Records from a dataset
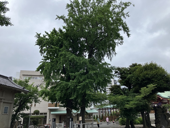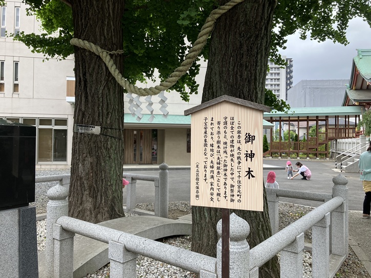 この銀杏は、先の戦争にて千住宮元町のほぼ全ての建物が焼失した中で、御祭神御守護のもと、焼け残った御神木であります。寄り添う樹木は「夫婦銀杏」として親しまれており、縁結び、夫婦円満、家内安全、子宝安産の象徴となっております。
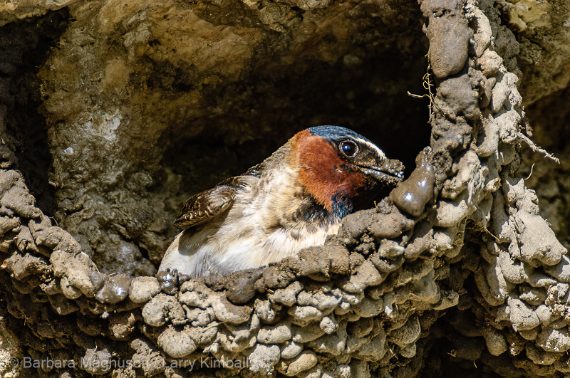 Cliff Swallow [Petrochelidon pyrrhonota] breeding adult hard at work. With a little spit and wet mud, drop by drop a nest is built; Soda Butte, Yellowstone National Park, Wyoming
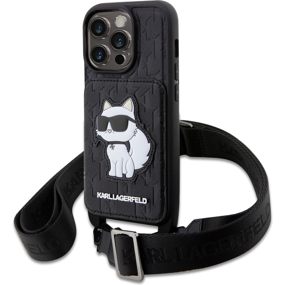Karl Lagerfeld Saffiano Monogram Crossbody Choupette NFT Kryt pro iPhone 14 Pro černý
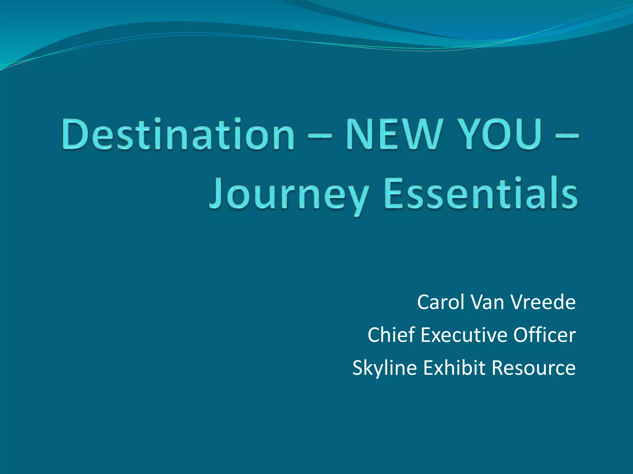 Carol Van Vreede, CEO of Skyline Exhibit Resource, emphasizes the importance of self-belief, optimism, and personal growth throughout her career journey. She encourages individuals to take charge of their lives, control their decisions, and invest their time wisely to realize their aspirations. The document highlights the significance of self-actualization and cultivating positive thoughts while celebrating progress along the way.
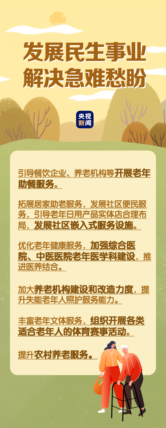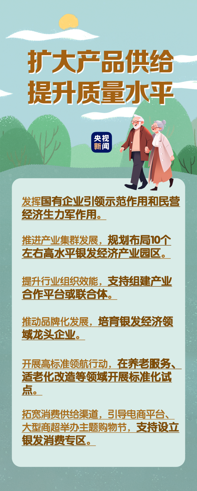 在民生事業(yè)方面,國(guó)家將擴(kuò)大和發(fā)展七方面的服務(wù),包括養(yǎng)老助餐、居家助老、社區(qū)便民、老年健康、養(yǎng)老照護(hù)、老年文體、農(nóng)村養(yǎng)老等方面的服務(wù)。國(guó)務(wù)院辦公廳印發(fā)《關(guān)于發(fā)展銀發(fā)經(jīng)濟(jì)增進(jìn)老年人福祉的意見》中提出了4個(gè)方面舉措,小編根據(jù)文件內(nèi)容進(jìn)行了簡(jiǎn)要梳理,一圖了解“銀發(fā)經(jīng)濟(jì)”核心要點(diǎn)?!?/p>
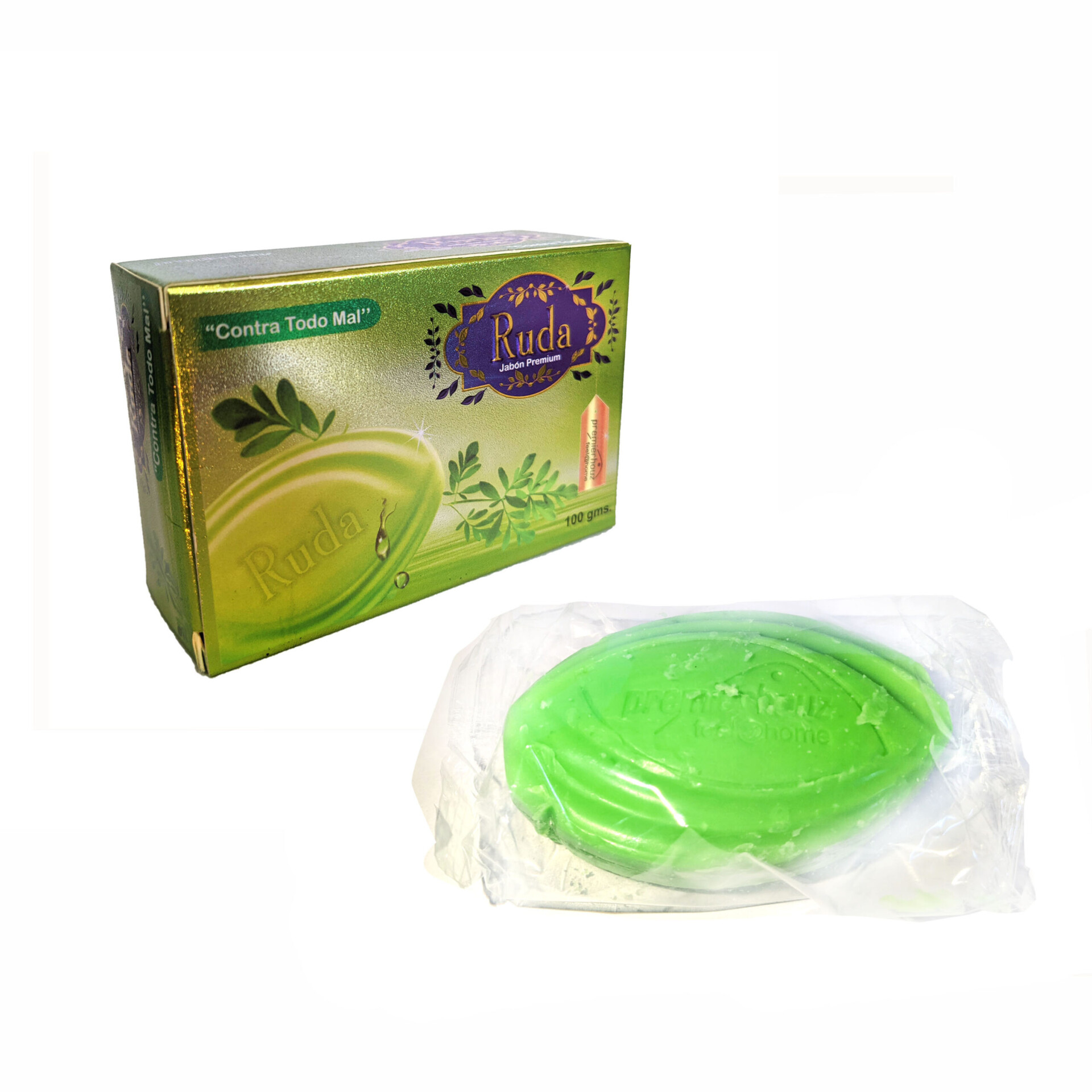 Jabón Premium sin glicerina de Ruda marca Premierhouz. Peso neto: 100 gramos. Propósito: Contra todo mal Producto hecho en la India.
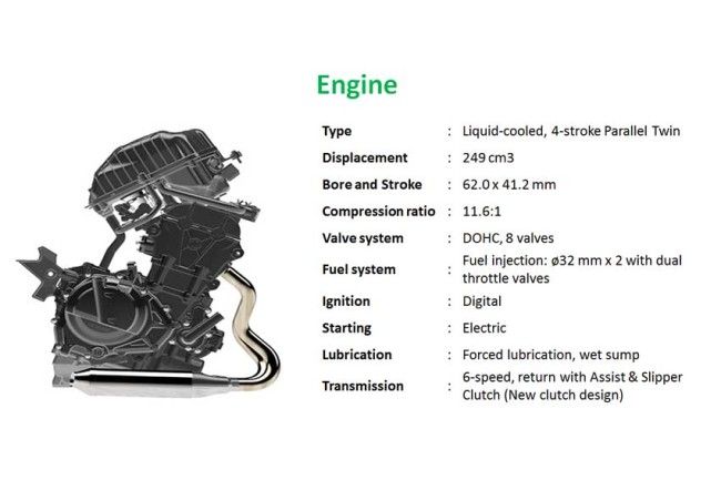 Suksesnya penjualan Ninja seperempat liter ini, tak bisa dipungkiri berasal dari berbagai kelebihan yang digendongnya. Jantung mekanis gres berkapasitas 249 cc sanggup mengeluarkan performa terbaik dibanding rival. Torsi puncak mencapai 23,5 Nm pada 10.000 rpm dan tenaga maksimal 39 PS pada 12.500 rpm. Sistem transmisi 6-percepatan manual yang sudah dibekali fitur assist & slipper clutch menjadi padanannya.
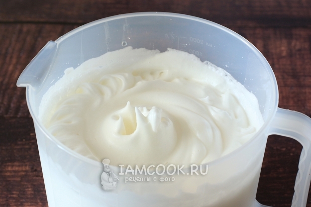 Яйца разделите на белки и желтки. В желтки добавьте половину всего сахара и взбейте до пышной массы.
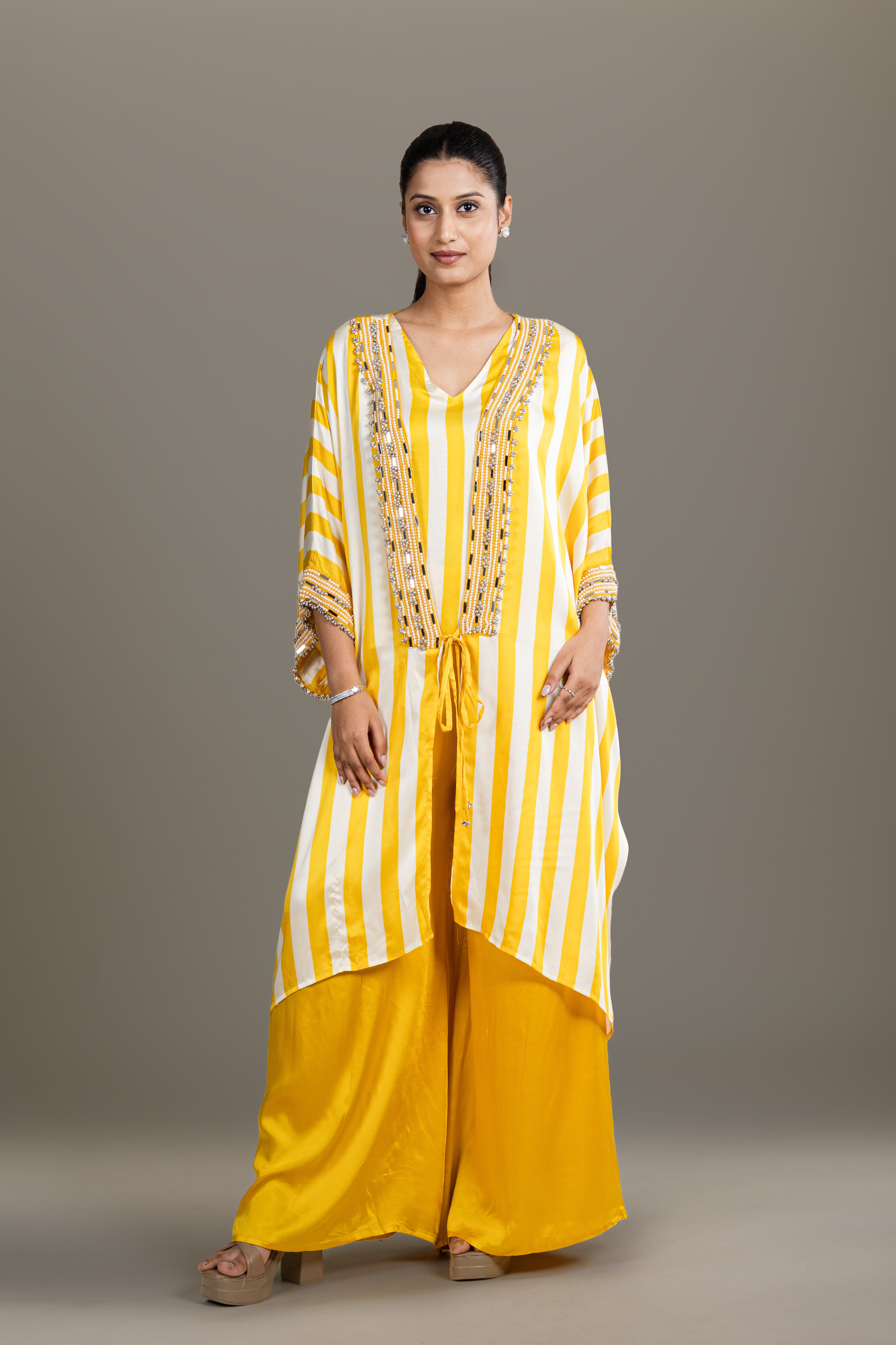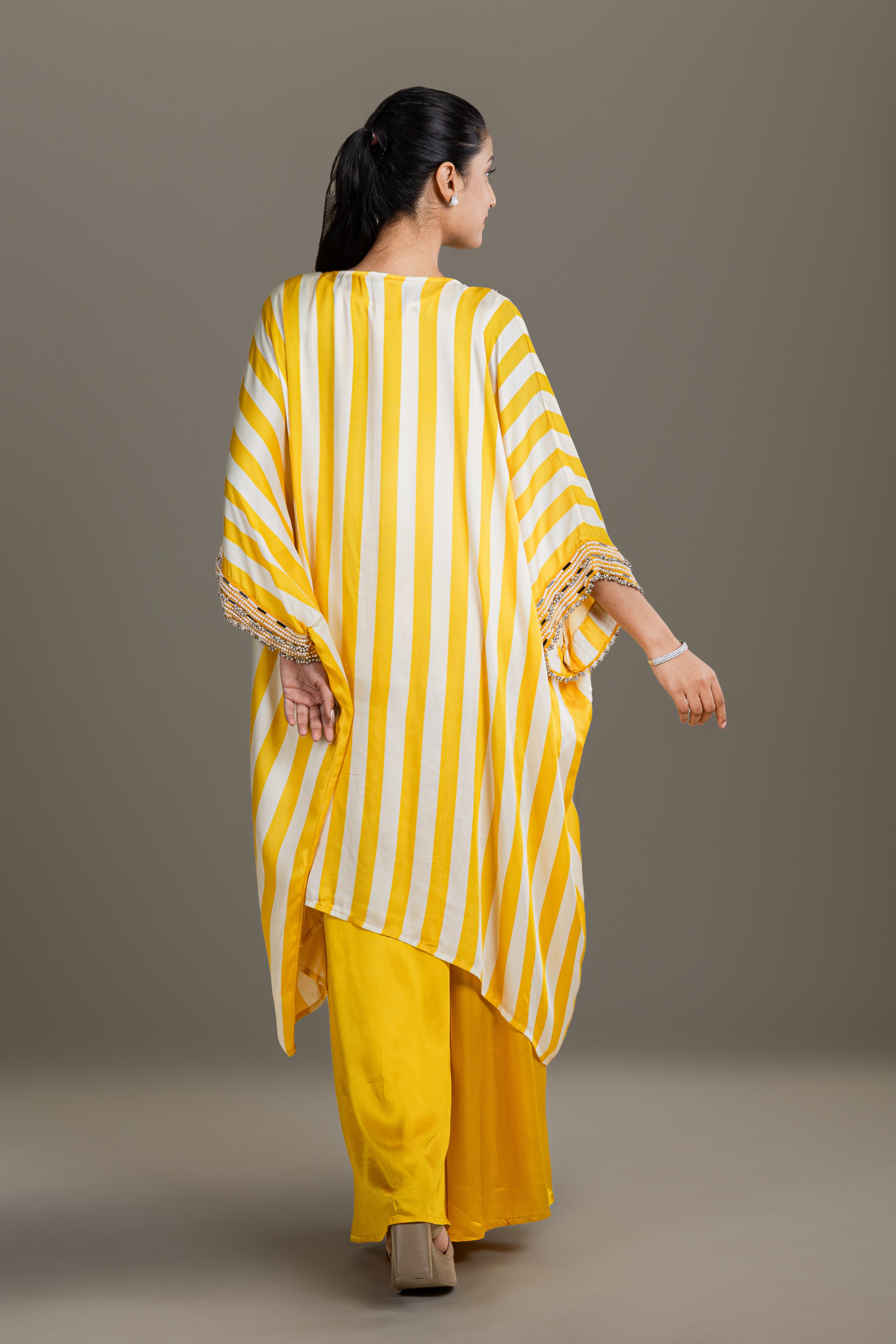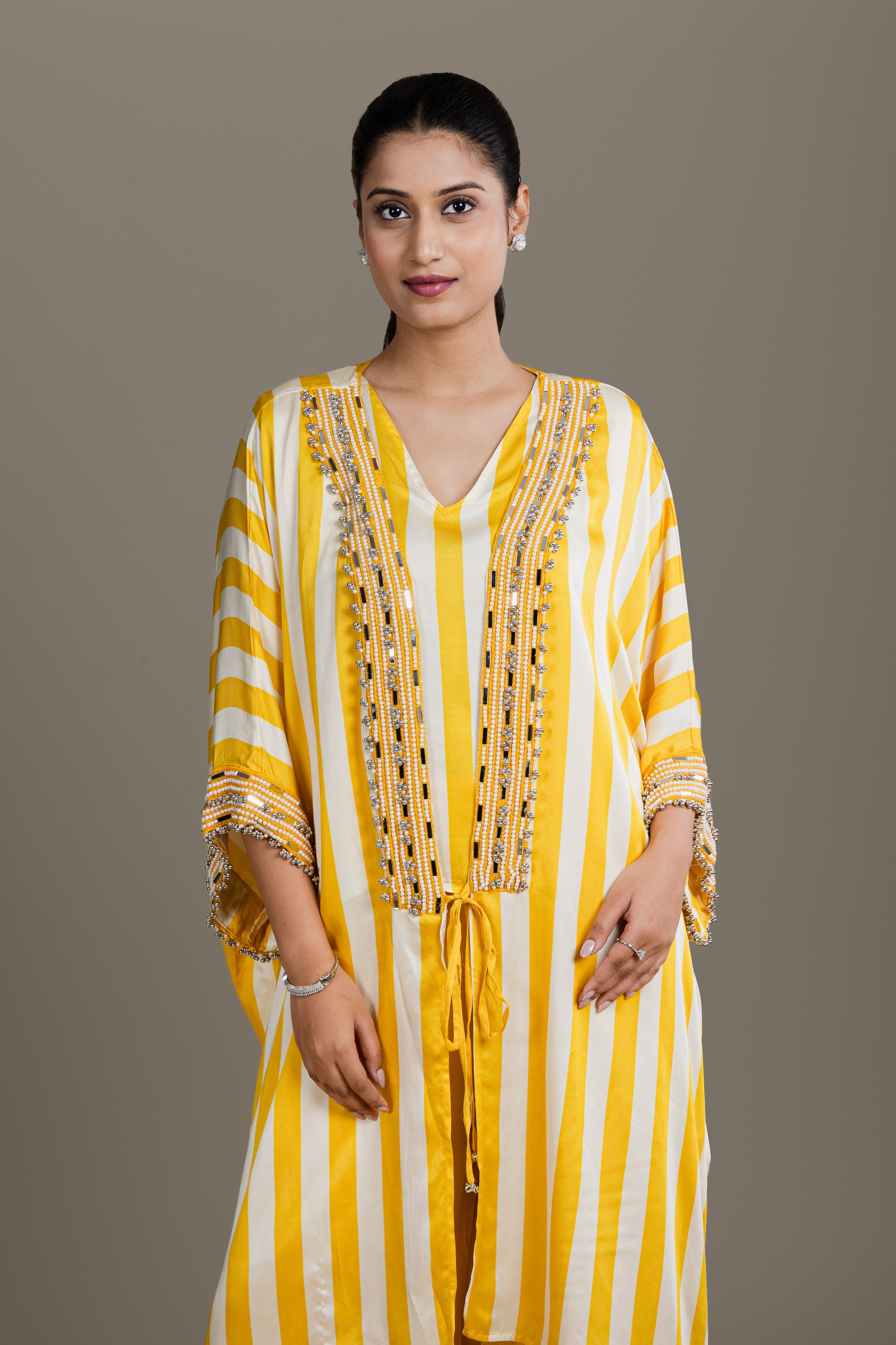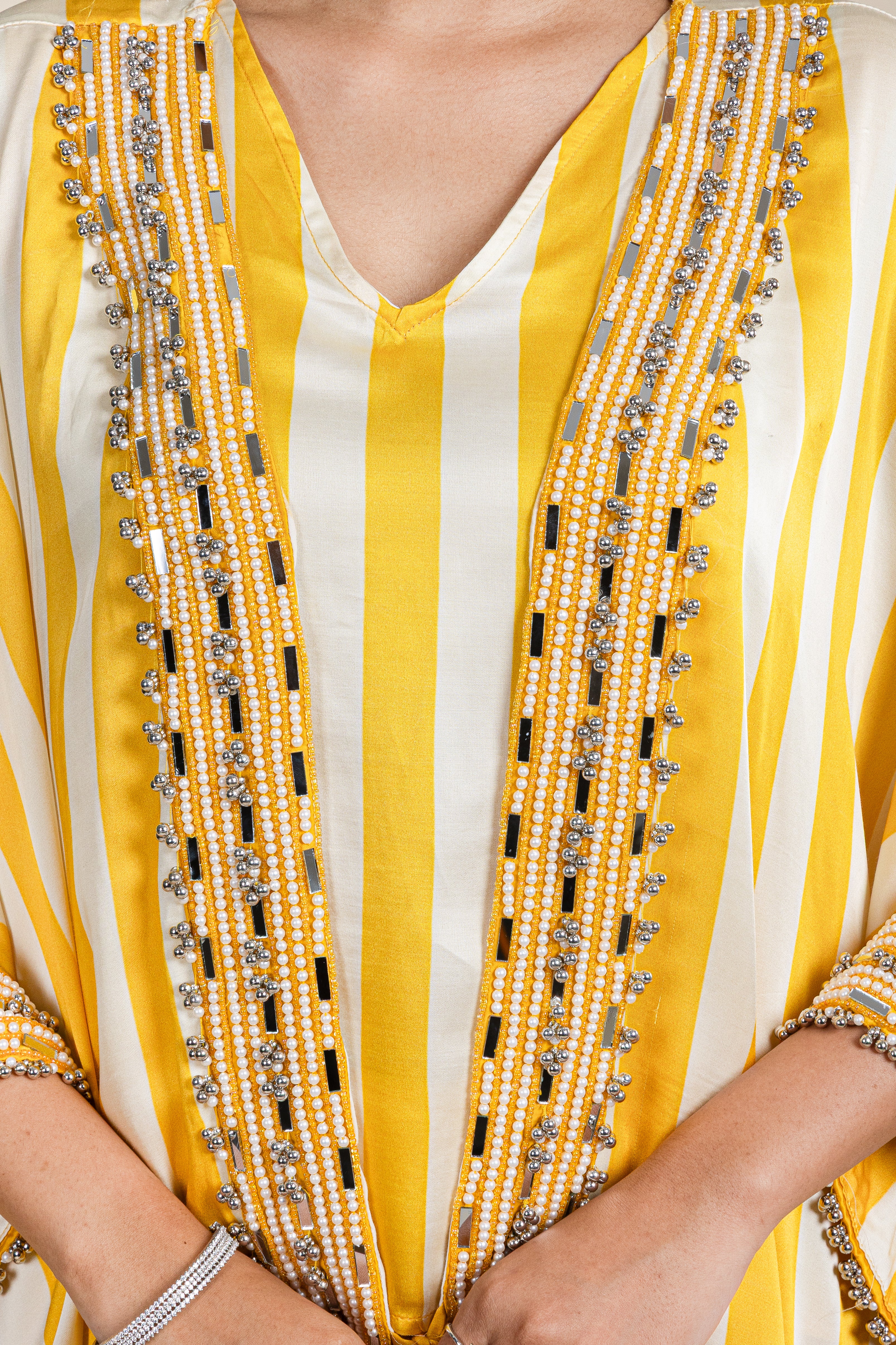 Elevate your ethnic elegance with this lemon zest and pearl white striped kaftan set, adorned with intricate beadwork, perfect for luxurious summer brunches and festive soir.
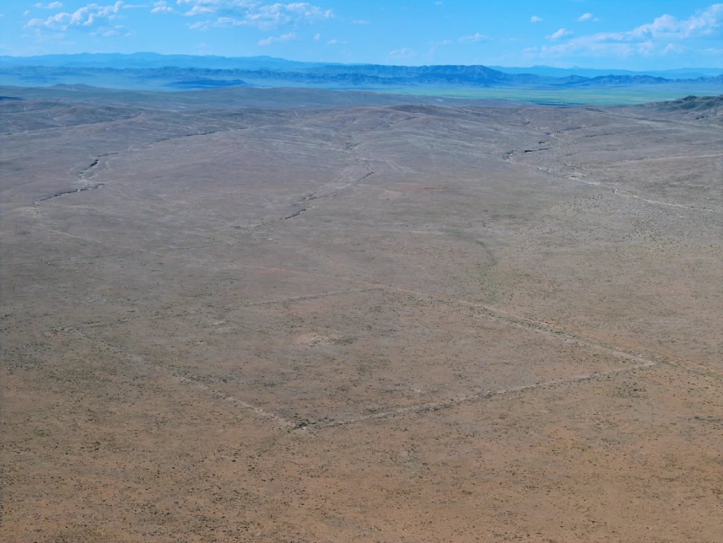乌兰和日木古城第四城,位于第一城西侧约700米处,城址平面呈方形,南北长420米,东西长380米。城墙底宽10米,残高0.4-0.8米。西城墙与南城墙的中间位置均有一宽约20米左右的缺口,应为城门遗迹。城内未发现建筑遗迹,仅发现一些夯土堆,中央土堆规模最大,呈圆形,直径50米,残高1.6 米。它的西边有3个较小的圆土堆,直径18-22米左右,两土堆相连。

## What you should do
Transcribe every entry exactly. Leave out the pictures.

## Reply
 この銀杏は、先の戦争にて千住宮元町のほぼ全ての建物が焼失した中で、御祭神御守護のもと、焼け残った御神木であります。寄り添う樹木は「夫婦銀杏」として親しまれており、縁結び、夫婦円満、家内安全、子宝安産の象徴となっております。
 Cliff Swallow [Petrochelidon pyrrhonota] breeding adult hard at work. With a little spit and wet mud, drop by drop a nest is built; Soda Butte, Yellowstone National Park, Wyoming
Karl Lagerfeld Saffiano Monogram Crossbody Choupette NFT Kryt pro iPhone 14 Pro černý
 Carol Van Vreede, CEO of Skyline Exhibit Resource, emphasizes the importance of self-belief, optimism, and personal growth throughout her career journey. She encourages individuals to take charge of their lives, control their decisions, and invest their time wisely to realize their aspirations. The document highlights the significance of self-actualization and cultivating positive thoughts while celebrating progress along the way.
 在民生事業(yè)方面,國(guó)家將擴(kuò)大和發(fā)展七方面的服務(wù),包括養(yǎng)老助餐、居家助老、社區(qū)便民、老年健康、養(yǎng)老照護(hù)、老年文體、農(nóng)村養(yǎng)老等方面的服務(wù)。國(guó)務(wù)院辦公廳印發(fā)《關(guān)于發(fā)展銀發(fā)經(jīng)濟(jì)增進(jìn)老年人福祉的意見》中提出了4個(gè)方面舉措,小編根據(jù)文件內(nèi)容進(jìn)行了簡(jiǎn)要梳理,一圖了解“銀發(fā)經(jīng)濟(jì)”核心要點(diǎn)?!?/p>
 Jabón Premium sin glicerina de Ruda marca Premierhouz. Peso neto: 100 gramos. Propósito: Contra todo mal Producto hecho en la India.
 Suksesnya penjualan Ninja seperempat liter ini, tak bisa dipungkiri berasal dari berbagai kelebihan yang digendongnya. Jantung mekanis gres berkapasitas 249 cc sanggup mengeluarkan performa terbaik dibanding rival. Torsi puncak mencapai 23,5 Nm pada 10.000 rpm dan tenaga maksimal 39 PS pada 12.500 rpm. Sistem transmisi 6-percepatan manual yang sudah dibekali fitur assist & slipper clutch menjadi padanannya.
 Яйца разделите на белки и желтки. В желтки добавьте половину всего сахара и взбейте до пышной массы.
 Elevate your ethnic elegance with this lemon zest and pearl white striped kaftan set, adorned with intricate beadwork, perfect for luxurious summer brunches and festive soir.
乌兰和日木古城第四城,位于第一城西侧约700米处,城址平面呈方形,南北长420米,东西长380米。城墙底宽10米,残高0.4-0.8米。西城墙与南城墙的中间位置均有一宽约20米左右的缺口,应为城门遗迹。城内未发现建筑遗迹,仅发现一些夯土堆,中央土堆规模最大,呈圆形,直径50米,残高1.6 米。它的西边有3个较小的圆土堆,直径18-22米左右,两土堆相连。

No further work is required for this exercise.